Spice Islands Violence Erupts
AMBON, Indonesia (AP) _ New fighting broke out today between Muslims and Christians in Indonesia’s Spice Islands even as soldiers and police confiscated thousands of weapons in an effort to halt the violence.
Fifteen people were killed in a clash today on Halmahera Island in North Maluku province, a local military officer said.
The official Antara news agency reported that three other people were beaten to death in nearby Ternate, 1,600 miles east of Jakarta. The victims were among thousands of people seeking shelter from violence on Halmahera Island that has left 400 dead in the past week, the news agency said.

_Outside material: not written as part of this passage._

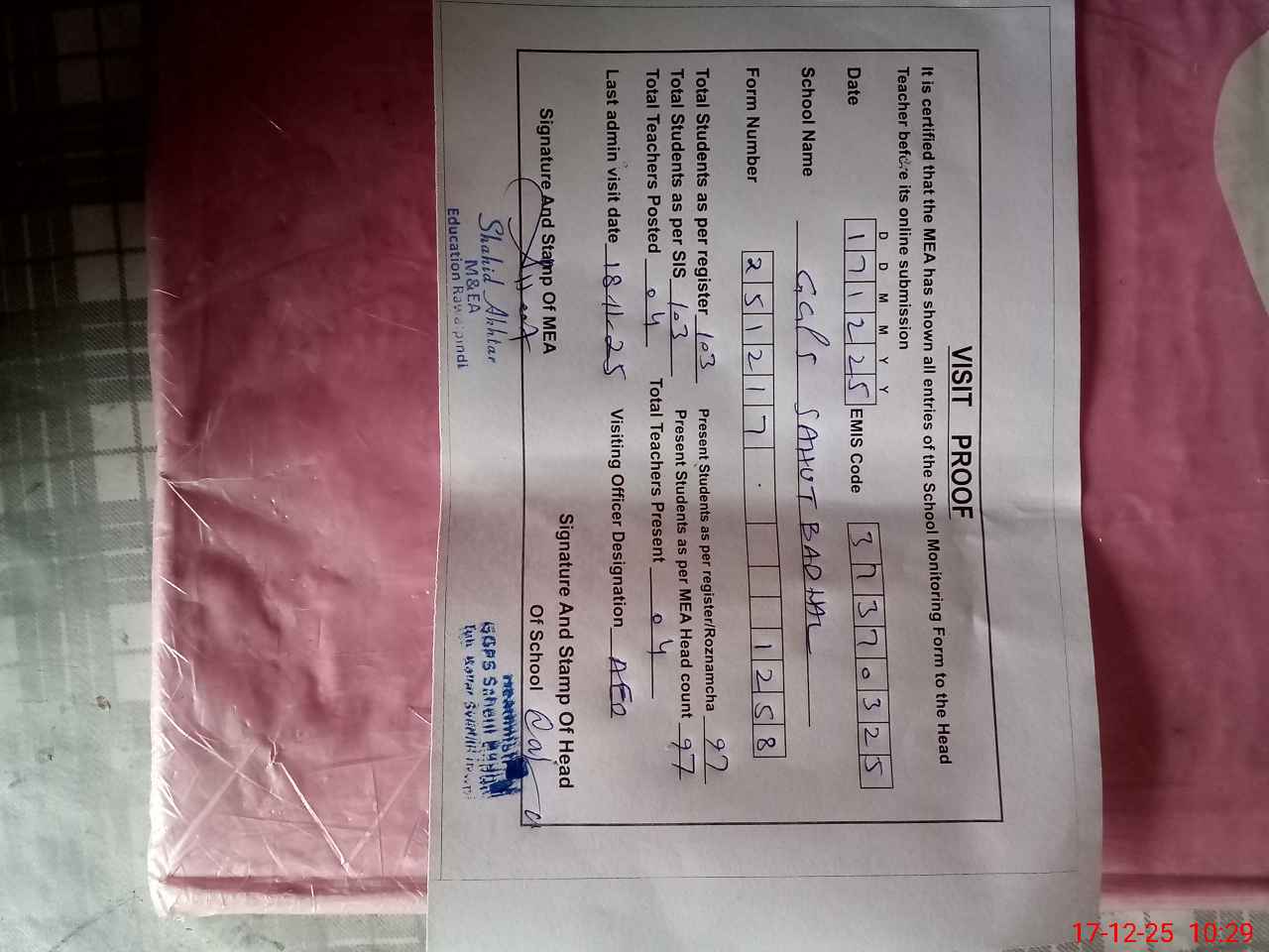 | Attendance Register | Head Teacher | MEA with School | Visit Proof |
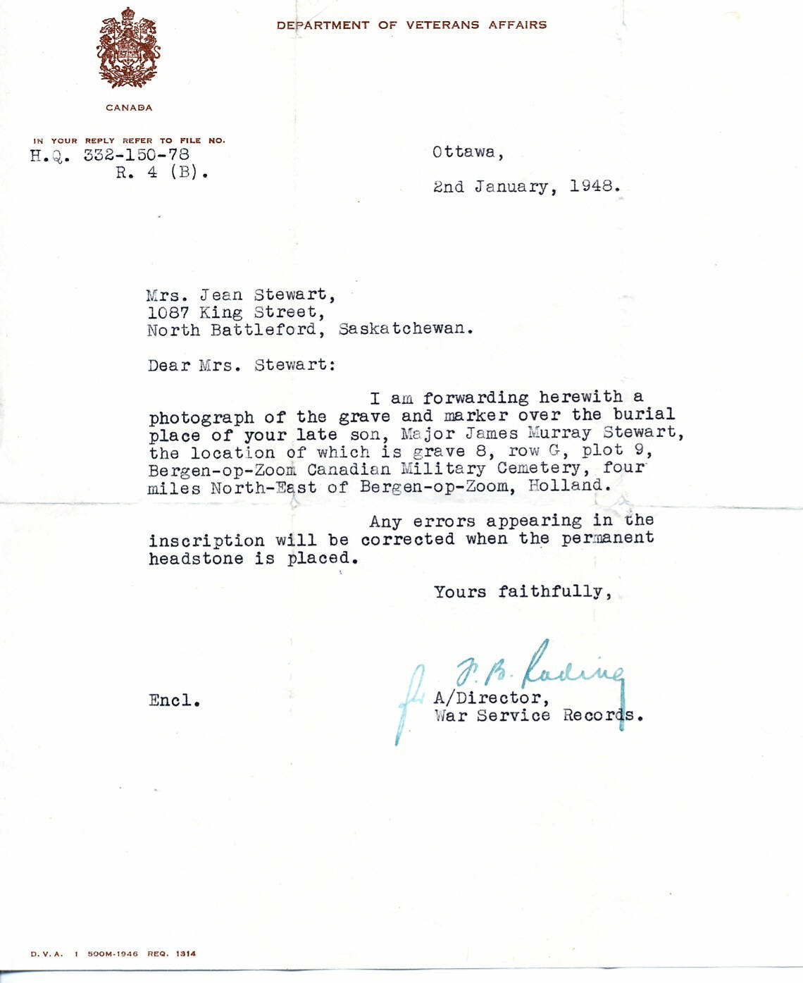 Received by Capt. J.M. Stewart while stationed at Algonquin Camp, Whitley, England. November 1943.

The atmosphere in the Maluku provincial capital, Ambon, was calm but tense today as security forces searched for weapons.
Ambon’s military chief, Lt. Col. Arif Mardiyanto, said four people had been arrested in the city after being caught with automatic weapons.
The provinces of Maluku and North Maluku, comprising hundreds of islands in eastern Indonesia, were together known as the Spice Islands during Dutch colonial rule.
About 1,300 people have died in the two provinces since religious fighting first erupted a year ago. Last week’s death toll in the region, estimated at 550, makes it the worst of any religious conflict in Indonesia’s 50-year history as an independent nation.
The bloody feud bodes ill for efforts by new President Abdurrahman Wahid to keep this ethnically and religiously diverse nation of 210 million people from fragmenting.
About 90 percent of Indonesia’s people are Muslims, but Christians are a majority in the Spice Islands.
Although the region used to be touted as a model of interfaith relations, tensions date back to 1950 when the Christians _ many with ties to the Dutch colonial administration _ battled Indonesian troops in a bid to secede.
More recently, animosity between the two groups has been stoked by an influx of Muslim migrants who have taken over the retail and transport businesses, formerly dominated by Christians.
Troops stood guard next to armored personnel carriers throughout Ambon today, watching for any new violence.
``The military sweep will focus on Ambon first before we move to other islands,″ Mardiyanto said.
He said most of the confiscated weapons were homemade, including daggers, pipe bombs, spears, bows and arrows.
Violence in the region subsided temporarily after the army dispatched 2,000 soldiers to assist police and marines.
Brig. Gen. Max Tamaela, chief of the Maluku military district, said two new battalions of army reinforcements arrived today.
The fighting has interrupted normal commerce, and some parts of the Ambon faced shortages of food and other staples. Vendors said there were shortages of rice and cooking oil.
At the city’s main market, a vendor who declined to be identified for fear of retribution said people were unable to bring supplies into the city because they were afraid of being shot.
``Prices have risen as there is very little food,″ the woman said.